EXERCISE OBJECTIVE
Output everything in the data exactly, leaving the pictures out.

AVAILABLE RECORDS
^^^^^^^^
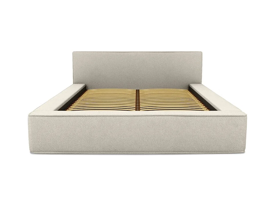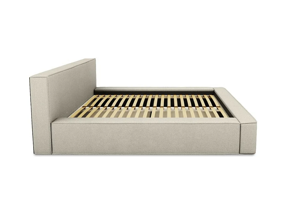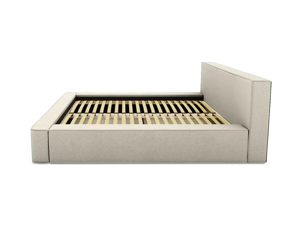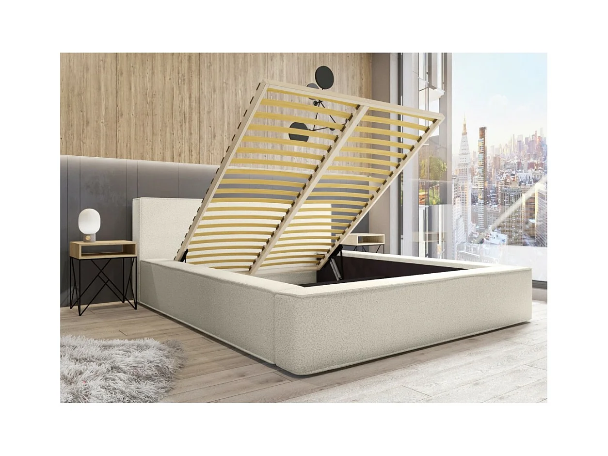 Cama con canapé VERNON - Tela chenilla rizada Lino natural - 160x200 cm - Somier elevable - Diseño de alta gama
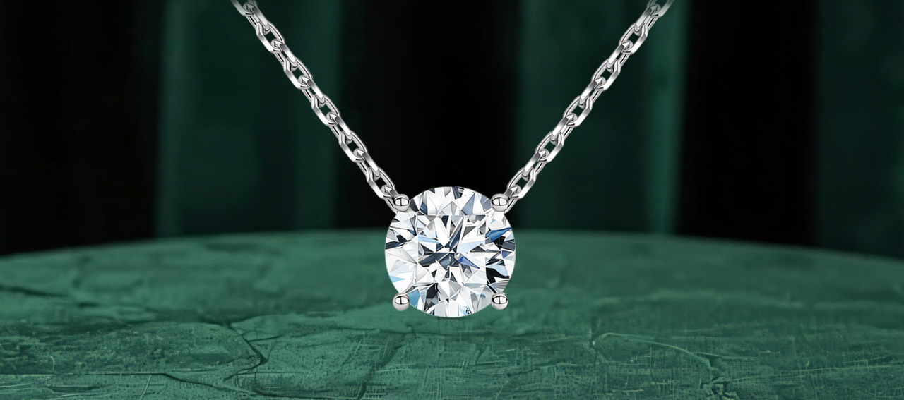 Подвеска из белого золота инкрустирована бриллиантом классической огранки.
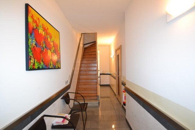 Vanuit de gemeenschappelijke hal met trappenhuis zijn de verschillende studio's te bereiken.
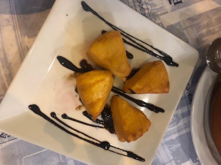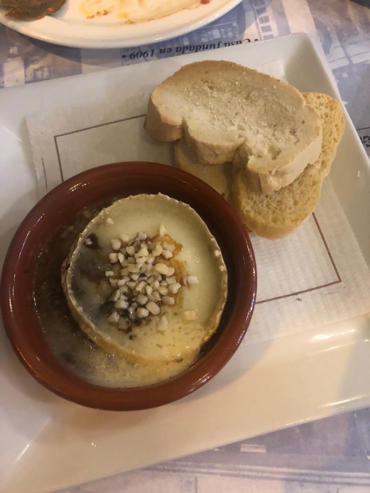 We finally had time to rest our feet for about an hour before Mallika, Yesenia and I went across the street from our hotel to Bar Plata for fried camembert, curry chicken, eggplant parmesan, gazpacho, spinach quiche, honey goat cheese, bull tail and patatas bravas.
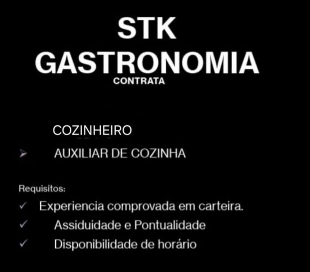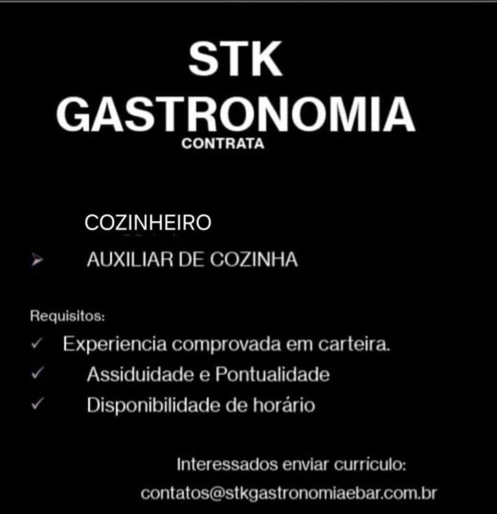 STK gastronomia está selecionando Cozinheiro, Auxiliar de cozinha; Envie seu currículo!
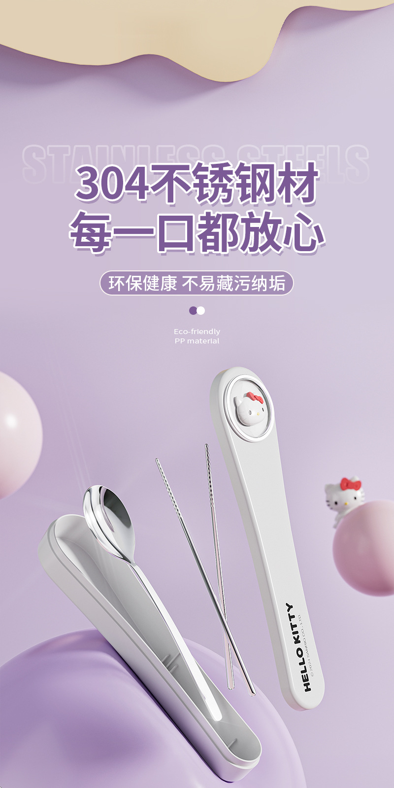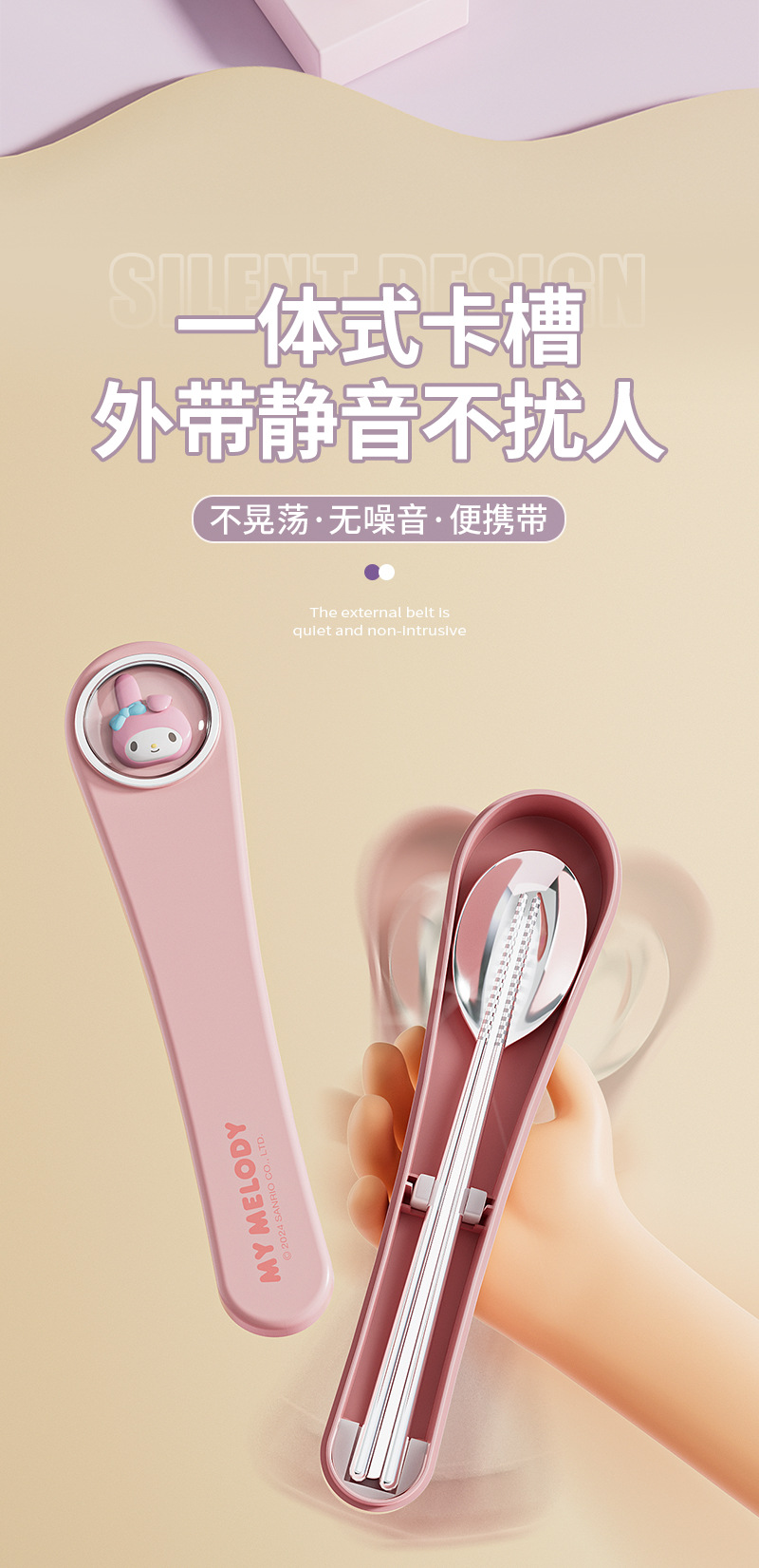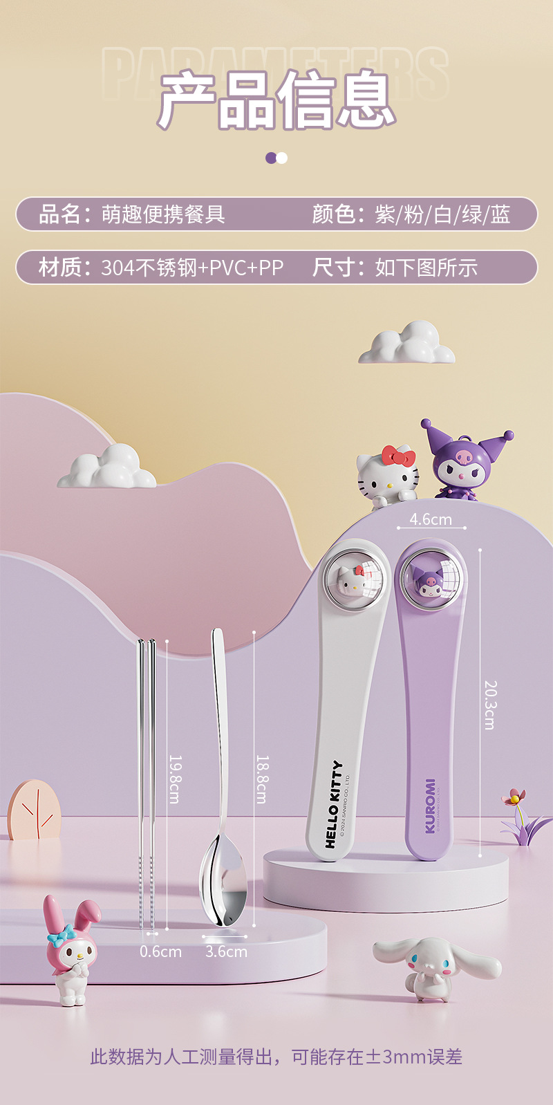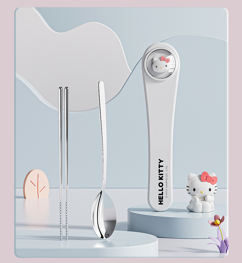 304 스테인레스 스틸 정품 산리오 스푼 젓가락 세트 큰 귀 개 쿨로 미 만화 귀여운 휴대용 식기 세트스토어 가기
^^^^^^^^
ANSWER AREA
 Cama con canapé VERNON - Tela chenilla rizada Lino natural - 160x200 cm - Somier elevable - Diseño de alta gama
 Подвеска из белого золота инкрустирована бриллиантом классической огранки.
 Vanuit de gemeenschappelijke hal met trappenhuis zijn de verschillende studio's te bereiken.
 We finally had time to rest our feet for about an hour before Mallika, Yesenia and I went across the street from our hotel to Bar Plata for fried camembert, curry chicken, eggplant parmesan, gazpacho, spinach quiche, honey goat cheese, bull tail and patatas bravas.
 STK gastronomia está selecionando Cozinheiro, Auxiliar de cozinha; Envie seu currículo!
 304 스테인레스 스틸 정품 산리오 스푼 젓가락 세트 큰 귀 개 쿨로 미 만화 귀여운 휴대용 식기 세트스토어 가기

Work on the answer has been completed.